3. It was nice to see the Catholic Church portrayed as real, morally mixed institution. I say this not out of personal loyalty, but because filmic portrayals are usually silly (DaVinci Code, End of Days), or wildly ahistorical (Kingdom of Heaven), or mythological (Omen, Exorcist). The usual flim-flam about conspiracies or the end-times are not present, so the Church looks like it probably was – a large, but troubled institution, trying to survive in the world of the rising and powerful nation-state, faced with difficult choices and populated with believers struggling to know what was right. The Jesuits in the film are genuinely concerned about the fate of the locals, at the same time they are tragically erasing their religious traditions. The papal envoy is torn about how the Church will thread its way in this difficult era. The Church wasn’t morally defined from the start of the picture, but filled with the struggle of everyday politics, and you genuinely hope the envoy will make the right decision. Paul Johnson noted how on the frontiers of the New World, it was usually clerics who restrained the worst savageries of the whites. Hopefully they ameliorated the worst, but all in all, it is still a pretty sad showing.
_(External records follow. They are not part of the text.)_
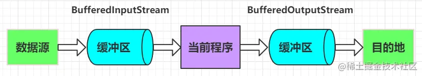 BufferedInputStream/BufferedOutputStream不直接操作数据源,而是对其他字节流进行包装,它们是 处理流。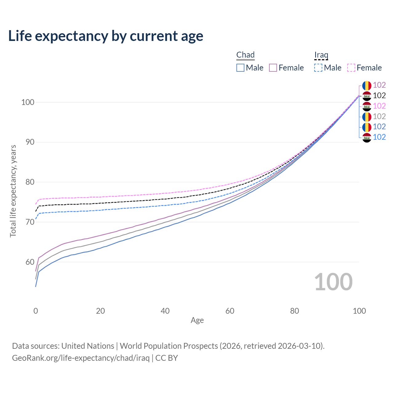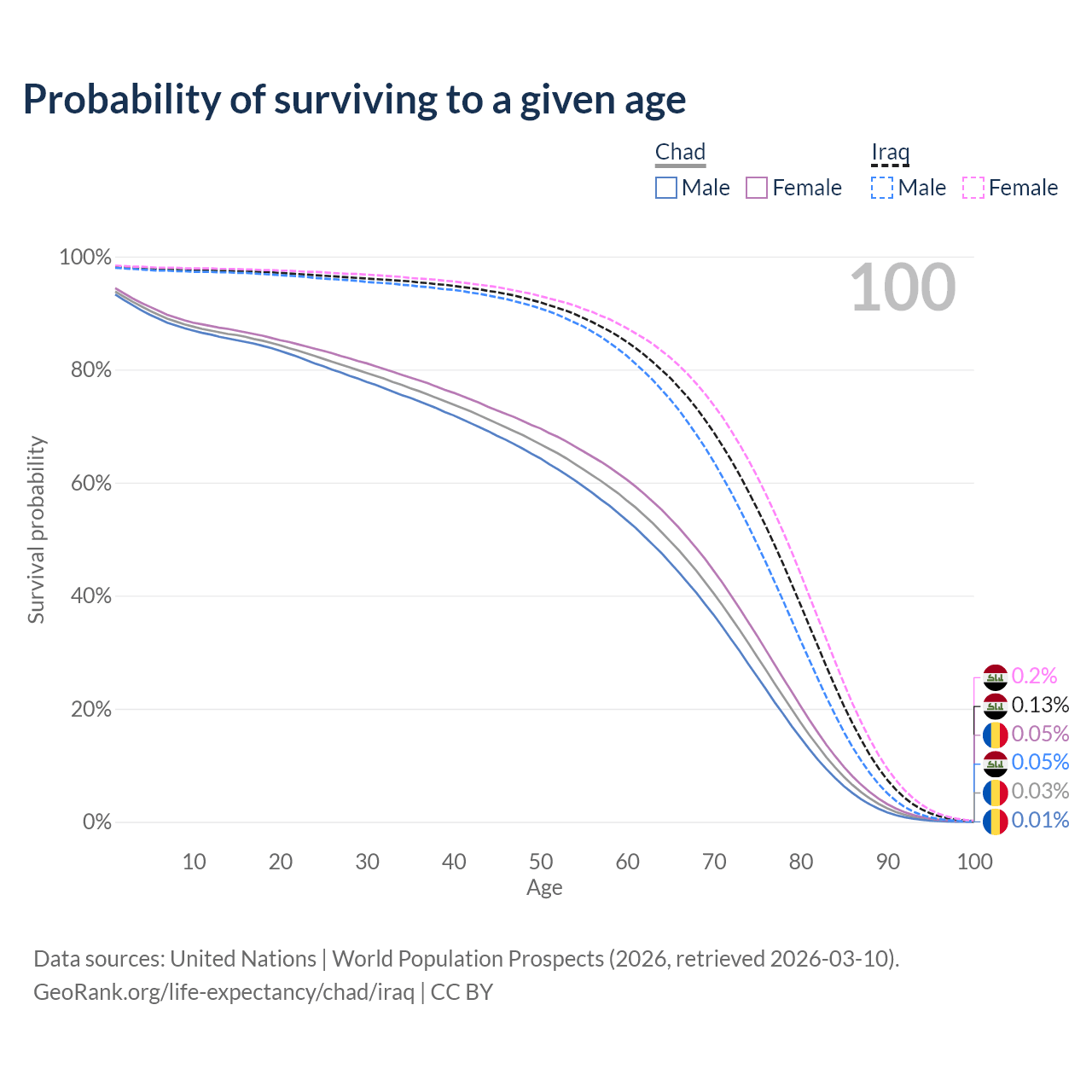 This life expectancy calculator shows the odds of living to 100, 95, 90, and below based on current age for both males and females in Chad and Iraq, along with mean and median age of death. The calculations are based on the 2026 life tables (actuarial tables) from the UN World Population Prospects.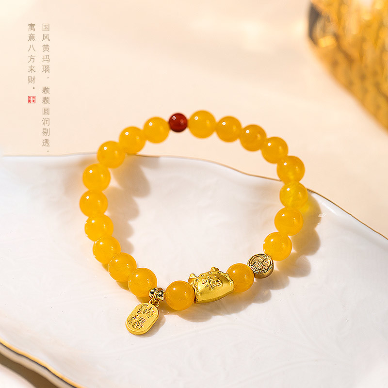 Benmingnian Year of the Dragon Chengxiang Yellow Agate Single Ring Nafu Bracelet Artistic Mori Bracelet Female Male Universal Bracelet Batch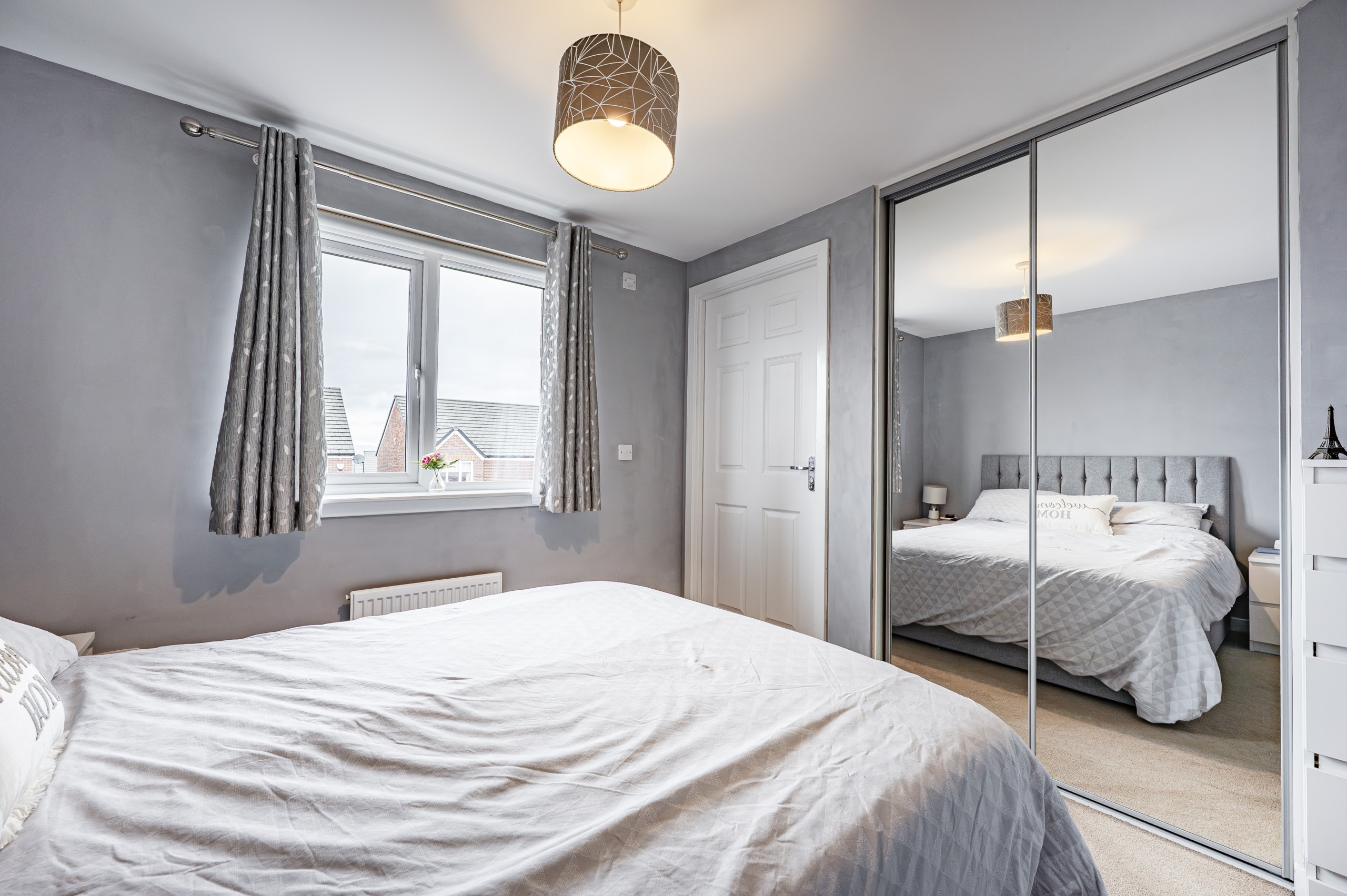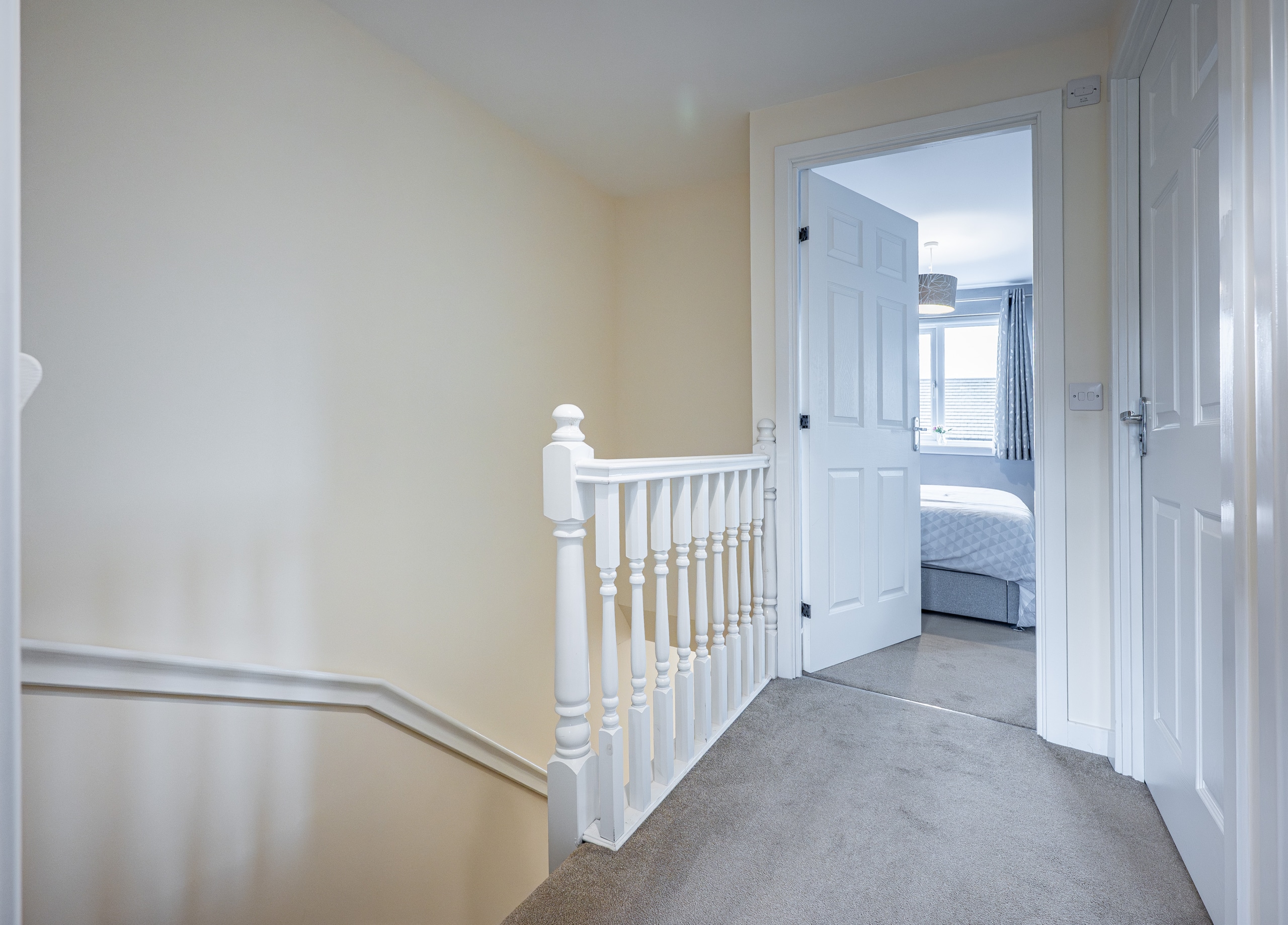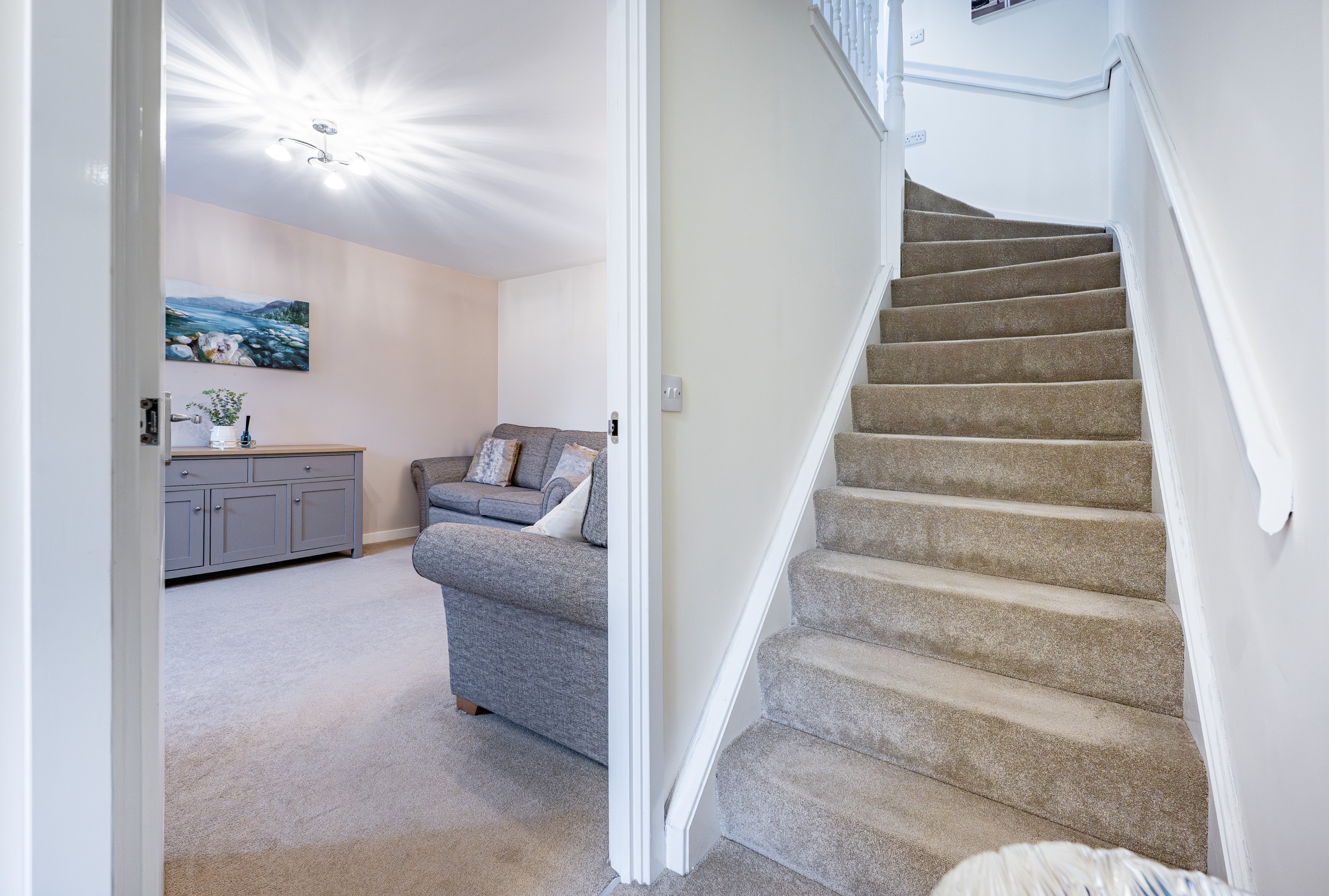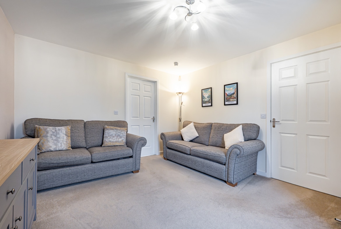 Upstairs, the landing provides access to a practical attic storage space and leads to three well-proportioned bedrooms. The principal bedroom benefits from fitted wardrobes and a stylish en-suite shower room. A contemporary three-piece family bathroom completes the upper level.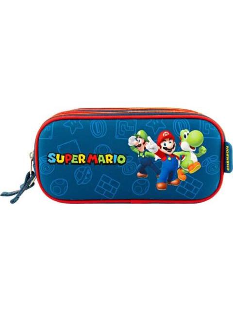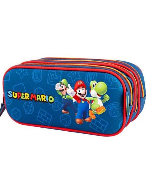 LAPICERA TRIPLE COMPARTIMENTO AZUL MARIO BROS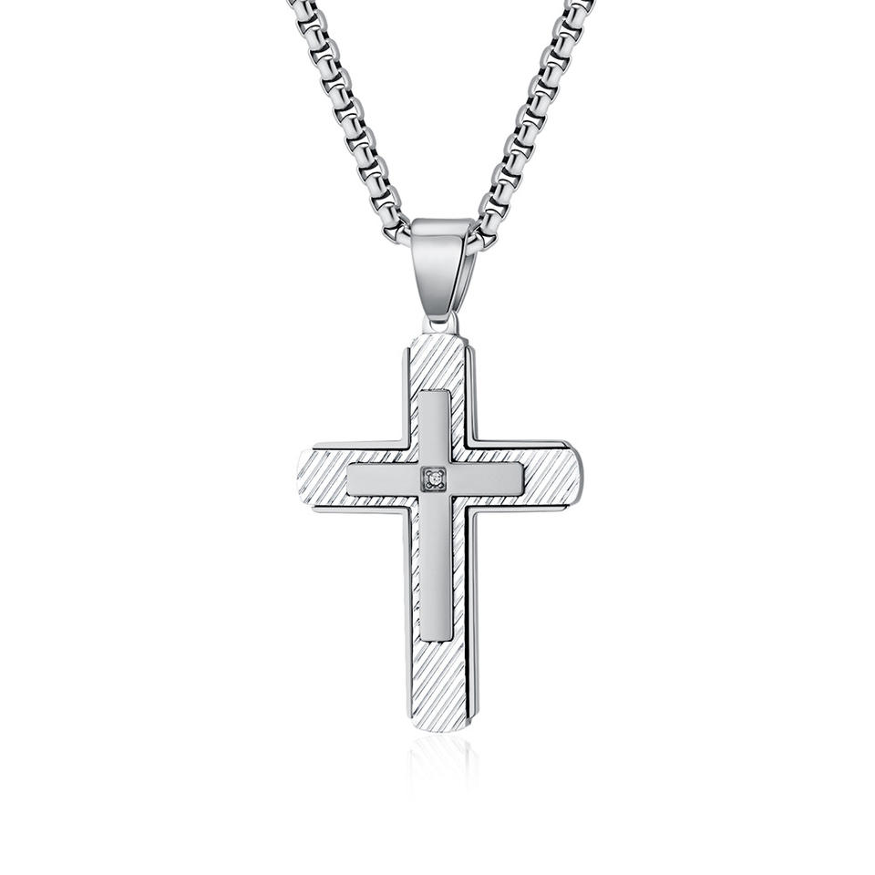 Hip Hop Twill Religious Cross Anti Non Tarnish WaterProof Pvd Stainless Steel Fashion Jewelry Pendant Necklace for Men Wholesale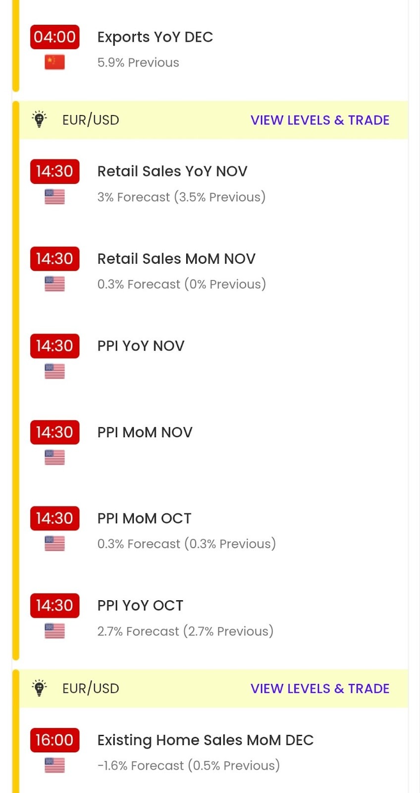 According to the forecast of Trading Central's "Economic Insight", the U.S. Inflation Rate is expected to tick down to 2.6% year on year in December from 2.7% in November.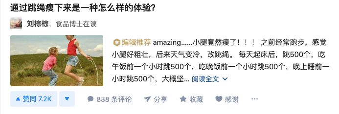 除此之外,跳绳还成为了众多减脂党们心中的「燃脂利器」,知乎上有关「跳绳减脂」的相关问题和文章热度始终居高不下。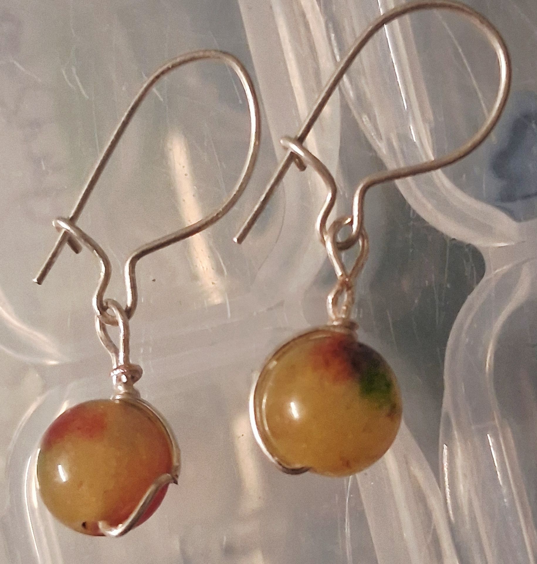 Made with natural stones and sterling silver wire and ear hooks.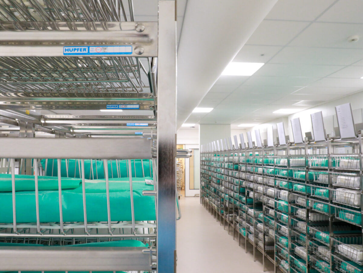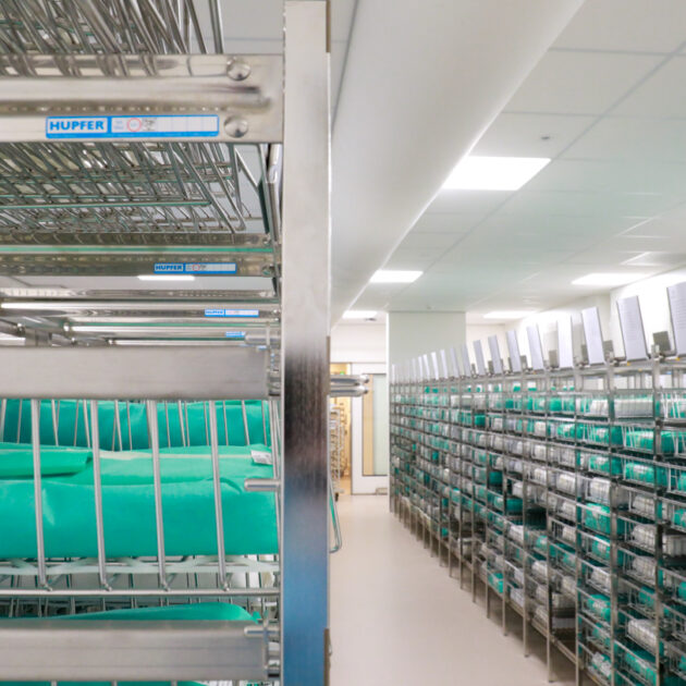De roestvrijstalen opbergrekken van Hupfer zijn speciaal ontworpen voor steriele benodigdheden en chirurgische opslag. Deze gespecialiseerde focus zorgt ervoor dat medische benodigdheden op een georganiseerde en veilige manier worden opgeslagen. Accessoires zoals tussenschotten, sets van inlegframes, zijpanelen, achterpanelen en onderstellen voor Medidul-planken vergroten de aanpasbaarheid alleen maar meer. Hierdoor voldoen de stellingen zelfs aan de meest unieke opslagbehoefte. Of het nu gaat om klein chirurgisch instrumentarium of grote dozen en langwerpig materiaal.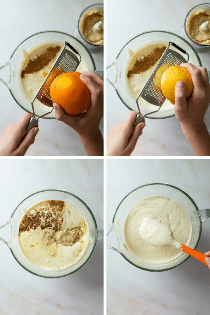 Schale der Bio Orange und Bio Zitrone abreiben und zusammen mit Zimt und gemahlenen Mandeln. Die Zutaten vorsichtig unterheben. Nicht zu viel rühren, damit keine Luft aus dem Teig geschlagen wird.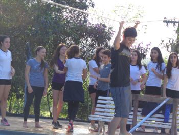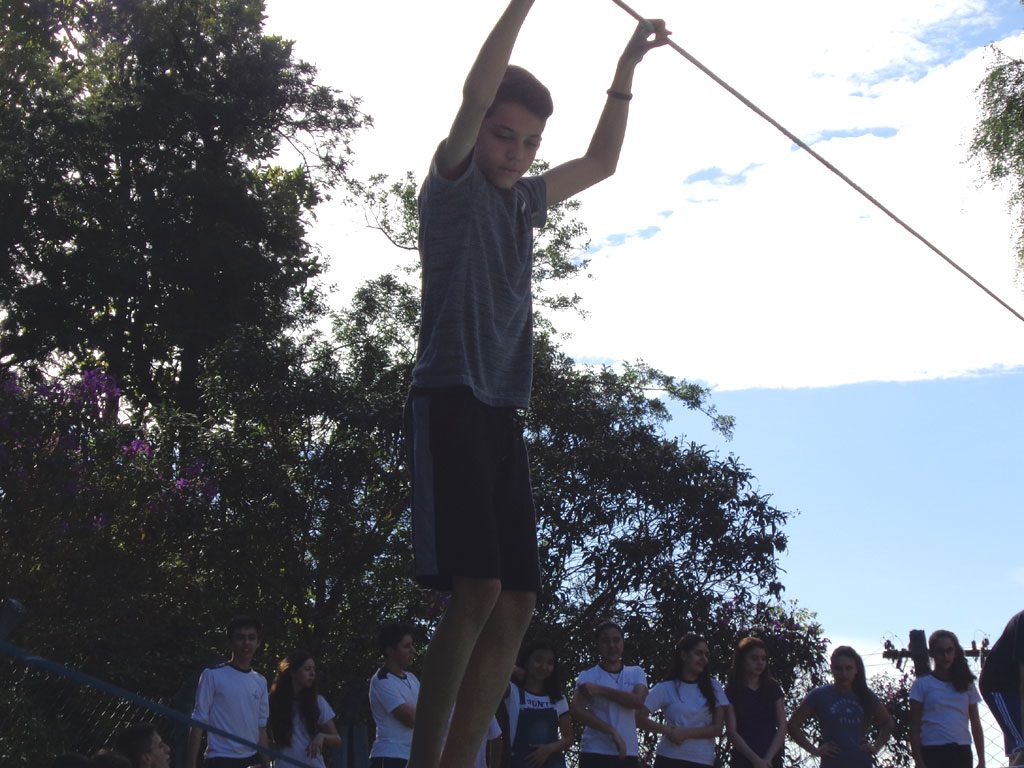 Aproveitando os espaços privilegiados que o Sítio Hipona nos oferece, os alunos do 9º ano do Ensino Fundamental realizaram no mês de maio o “Projeto Médias e Medidas” com o objetivo de determinar a velocidade média de cada participante em atividades como a corrida (60 metros) e a falsa baiana (10 metros). Os dados foram coletados (tempo gasto nas distâncias determinadas) e os cálculos serão realizados nas aulas de Matemática.

4. The story is disappointingly eurocentric. The natives are foils for the struggle between the Church and the Spanish and Portugese on the frontier. We learn little about them other than their reduction before Western power. I imagine European encroachment was the primary indigenous fear in the centuries after Columbus, so its not the filmmaker’s fault, but still it is sad to see. In this I give credit to Mel Gibson in Apocalypto. I can’t think of any other major film about indigenous peoples that does not involve their interaction with white colonizers. Even intelligent and sympathetic movies like Last of the Mohicans or Dancing with Wolves are filled with white characters – presumably to give western audiences an anchor within the film. But Gibson tried to make a movie about a wholly lost culture on its own terms. You may have hated his vision, but its originality is undeniable.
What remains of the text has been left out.